Enough to make me suddenly lean forward, grab my stomach & say a random profanity. Even the staff came to me asking if i was ok & did i need a chair :blush:
It was literally a 1 second thing & i carried on what i was doing. (It's not braxton hicks either nothing like it infact). My belly didn't go hard either. All i was doing was looking at fish in the fish shop in bolton, so stood still then move 4 steps & look in next tank etc so i wasn't doing anything strenuous either.
But i felt like i'd just stuck my belly on a plug socket & got the shock of my life, Thats the closest i can relate it too, baby has been stupidly active today too & i've noticed that today has been the 1st time he's kicked/hit me quite hard & still is doing now. My bellys going nuts!
I've felt quite wierd today, my body feels soooo heavy but yet i also feel like i could just drop or faint at any moment. 
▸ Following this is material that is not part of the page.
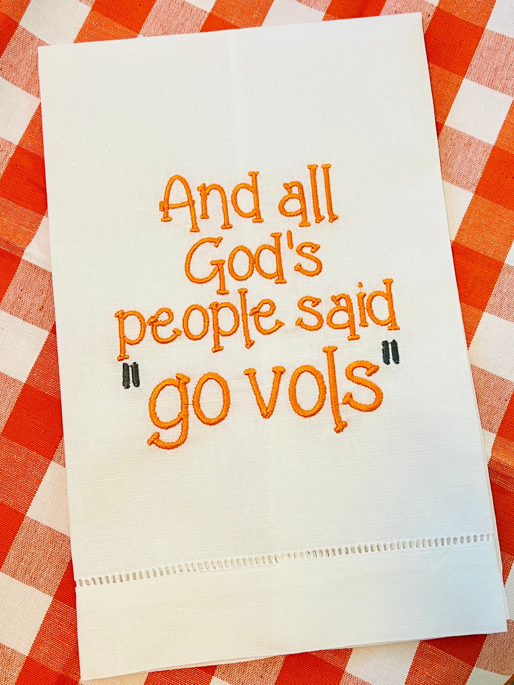 “Rocky top, you’ll always be…” tea towel monogrammed with “And all Gods People said Go VOLS” on white tea towel. Orange and Gray embroidery shown but could be done in any color.
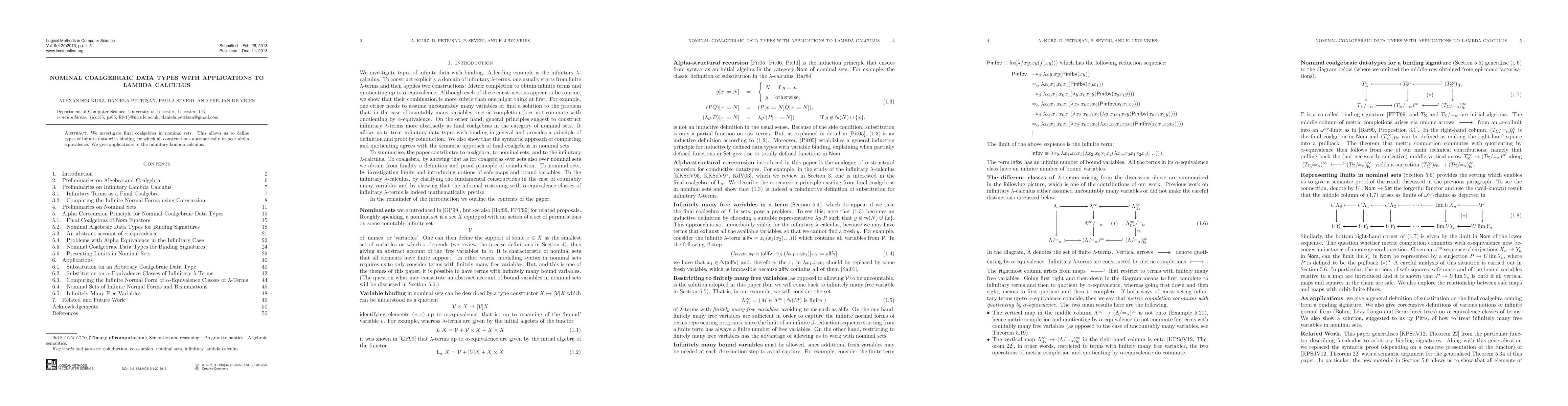 This paper explores final coalgebras in nominal sets to define infinite data types with binding that inherently respect alpha equivalence, and applies these concepts to the development of an infinitary lambda calculus.

Am i just having an off day dya think? 

Thanks ladies x


----------



## sera

hmm, interesting.. it might just be growing pains, sounds to me your lil one is having fun with you.. lol! sorry i kow im no help so i hope some other ladies can help :) cant wait till i feel my lil one give me a good kick! lol!
xoxoxo


----------



## Kittee

Not in my belly but for the past couple of days I've felt a sharp shock on my arm, my hand and leg on occasion. And Oh on my back. No idea what it is.


----------



## Mrs Dot

I have had the same type of pains today too! wierd! I had the 'electric shock' type pains briefly and about 3 or 4 times this afternoon. Also have had 'poking' type pains! like someone has poked my tum gently - I'm not sure if this is the chops making me aware of their existence or not, as it's my 1st time and I'm not really sure how it's meant to feel! I have felt really 'heavy' and lifeless all day, think we must both be having a growing spurt!


----------



## DizzyMoo

The poking sounds like baby hun :) As that's what it can feel like at 1st a gentle poke :) 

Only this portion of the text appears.